Perinörografi

Perinörografi, sinir sistemi hastalıklarını kontrast madde kullanarak teşhis etmeye yönelik bir yöntemdir. Bu yöntem, sinir dokusundaki patolojik değişikliklerin varlığını belirlemenize ve onu besleyen damarların durumunu değerlendirmenize olanak tanır.

Perinörografi, nöroloji ve nöroşirürjide tümörleri teşhis etmek ve beyne giden kan akışındaki bozukluğun yerini belirlemek için kullanılır. Kontrast madde olarak iyot içeren bir madde kullanılır ve bu madde hastanın damarına enjekte edilir. Daha sonra kontrast madde kan damarlarından geçtikten sonra beyin dokusuna girer ve onu boyar.

Perinörografi işlemi hem hastane ortamında hem de ayakta tedavi bazında yapılabilir. Ağrısızdır ve özel hazırlık gerektirmez. İşlem sonrasında hasta normal aktivitelerine dönebilir.

Perinörografinin avantajları:

Yüksek teşhis doğruluğu;
Dolaşım bozukluklarının yerini belirleme imkanı;
Cerrahi müdahaleye gerek yoktur;
Hasta için güvenlik.
Ancak perinörografinin dezavantajları da vardır:

Alerjik reaksiyonlara neden olabilecek kontrast madde kullanma ihtiyacı;
Böbrek yetmezliği olan hastalarda kullanım kısıtlamaları.
Genel olarak perinörografi, sinir sistemi hastalıklarının teşhisinde önemli bir yöntemdir, bu da patolojik değişiklikleri erken aşamalarda tespit etmeyi ve tedaviye başlamayı mümkün kılar.



Perinörografi, sinir kökünün omurilikten çıkıp kas veya diğer dokulara girerken görselleştirilmesine yönelik bir yöntemi tanımlamak için kullanılan tıbbi bir terimdir.
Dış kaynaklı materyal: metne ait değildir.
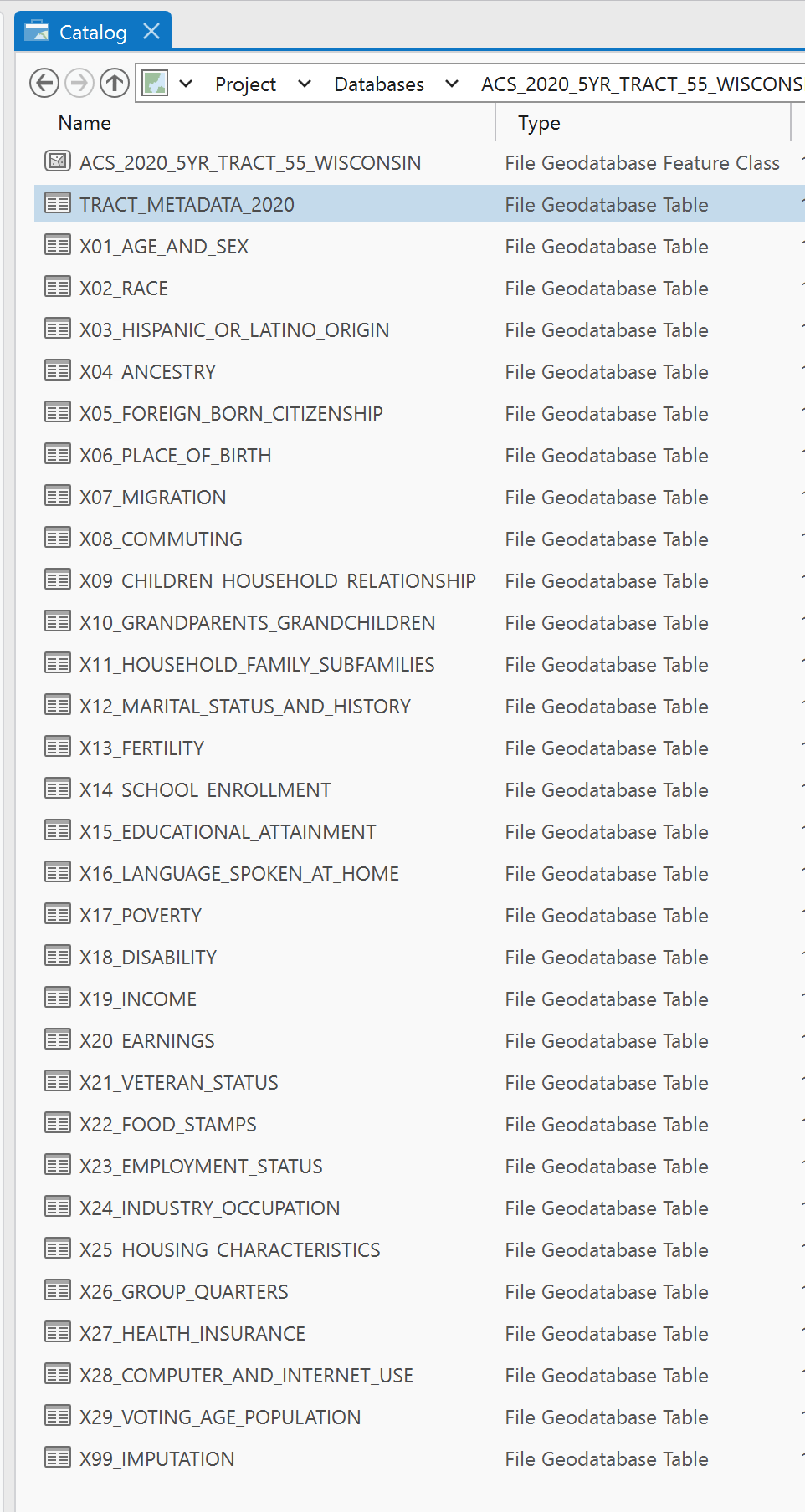 Now that the database is connected we can open it and see the structure. You will see one Feature Class and then 31 tables. The Tract Metadata table is the same one as the documentation link from the Census page and is your key to understanding the other tables. If you downloaded a different geometry, the metadata will still be there, it will just reflect your new geometry.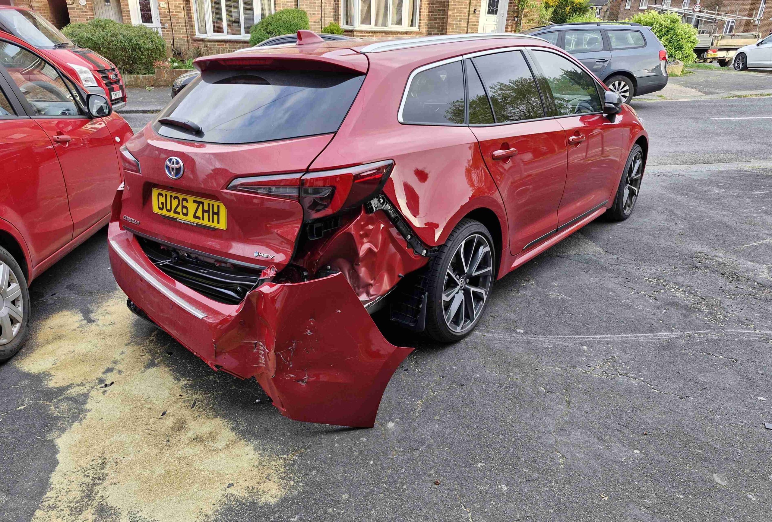 The parked car that was damaged in the crash was a red Toyota Corolla Excel that was first registered less than three weeks ago and sells for about £37,000.

Bu yöntem, doktorların periferik sinirleri etkileyen bir hastalık olan perinöriti teşhis etmesine yardımcı olur.

Perinörit tanısının özü, intervertebral sinirlerin, diz veya kalça bölgesindeki periferik sinirlerin sinir gövdelerinin sıkışması ve ardından sinir dokusunun beslenmesinde bozulma olmasıdır. Nöropati, ağrı, fokal kas atrofisi ve etkilenen bölgedeki cildin hassasiyetinin bozulmasıyla kendini gösterir.